Unfortunately, the national economic development of Latin America soon after gaining political independence was impossible due to the old-preserved social structure of the new political unities as an impoverished population from the villages did not provide substantial support for the local industry in the cities. The essence was that the old West European (Spanish, Portuguese, French, Dutch, and British) colonial system of production and social relations founded on it remained without serious changes. In practice, it meant that two existing social strata were sharply divided: 1) Privileged minority (of exploitation) who monopolized both civil offices and the land for production followed by 2) Hardly surviving peasants and industrial workers.

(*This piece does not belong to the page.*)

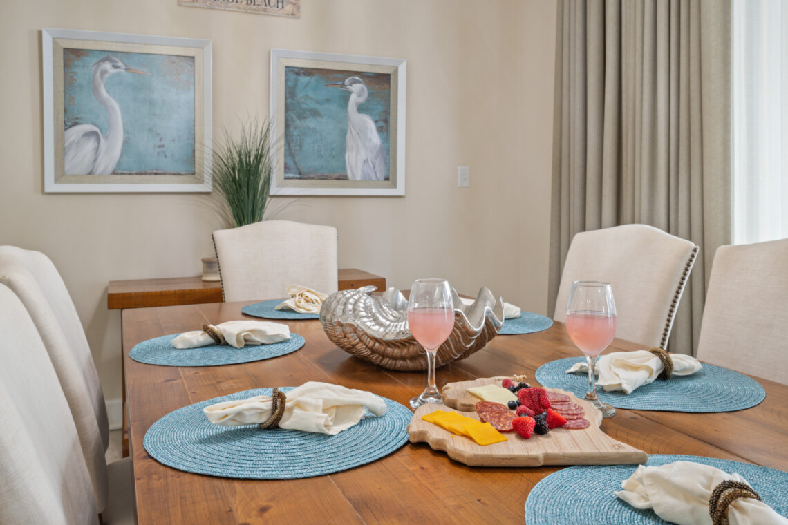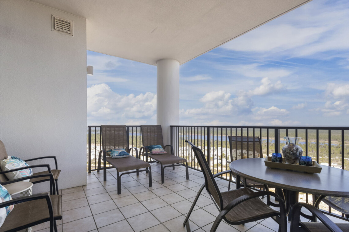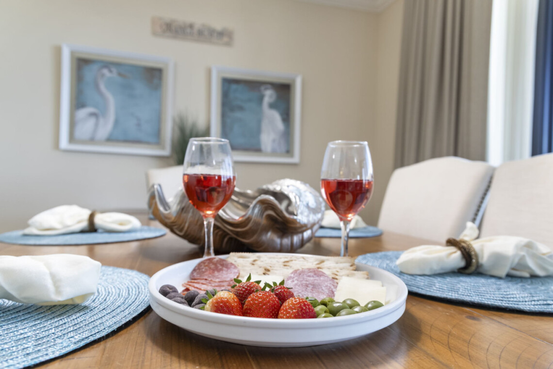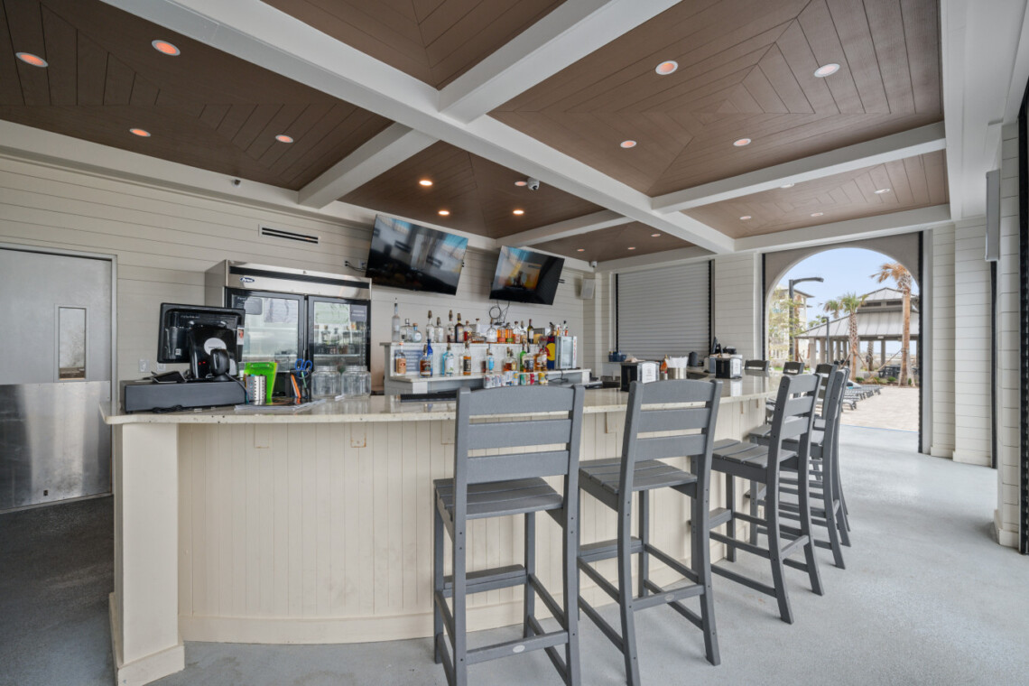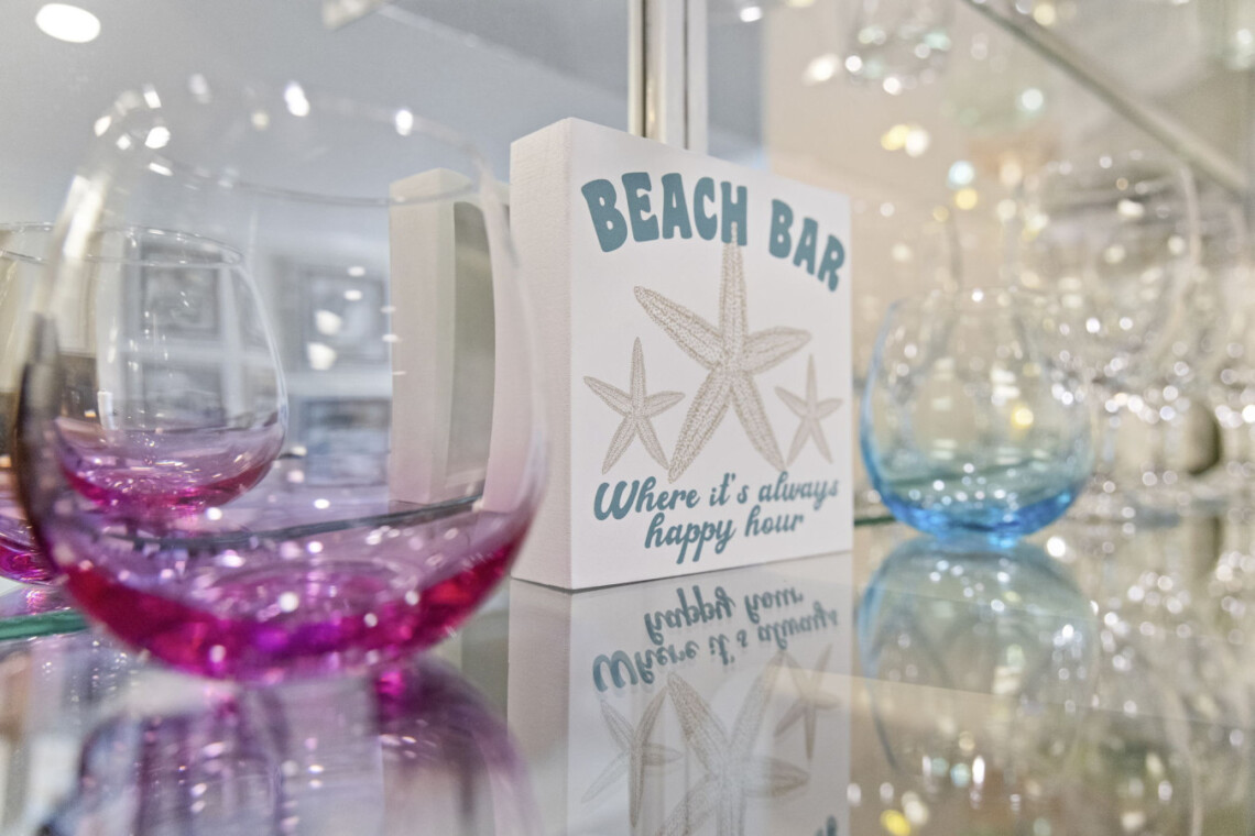 The wet bar adds an extra touch of convenience with its sink, ice maker, blender, and glassware—perfect for prepping sunset drinks to enjoy on your expansive balcony for alfresco dining or simply unwind as the sun sets over the lagoon horizon. Seating for 8 allows everyone to take in the stunning panoramic views of the Gulf State Park and main strip of Orange Beach,

Economically speaking, in the 19th century emerged a new power social-economic basement – hacienda, the great land estate (much bigger than a ranch) that was utilizing much more land compared to invested capital surviving by a cheap labor of both natures: servile and seasonal. On one hand, slavery, and the slave trade were soon abolished in all newly proclaimed independent states of Spanish Latin America (by the 1850s). However, in Portuguese-speaking Brazil, slavery, on the other hand, lasted until 1888. Nevertheless, as it was in the pre-colonial time, the Negros (African Blacks), Mulattos (White-Blacks), and Mestizos (White-Indians), were left at the bottom of the social structure.[1] In fact, all of these three socioeconomic groups became peons (In Europe of the Middle Ages – serfs) – peasants allowing a small portion of land within the territory of a hacienda in return for hard labor work on the land. After the independence wars, the new political-administrative establishment in Latin America tended to reduce as it was impossible, at least by the law, racial discrimination based on social, economic, and ideological foundations which in practice did not work properly. The new political establishment intended to integrate native Indians into the newly established nations (based on the West European colonial division) by, in fact, forcing them to participate in post-colonial economic production. In practice, such policy presumed to divide the communal lands among individual owners (agrarian reform) which in theory has to benefit the native Indians. However, it became obvious in the practice that such agrarian reform just strengthened Indian white neighbors.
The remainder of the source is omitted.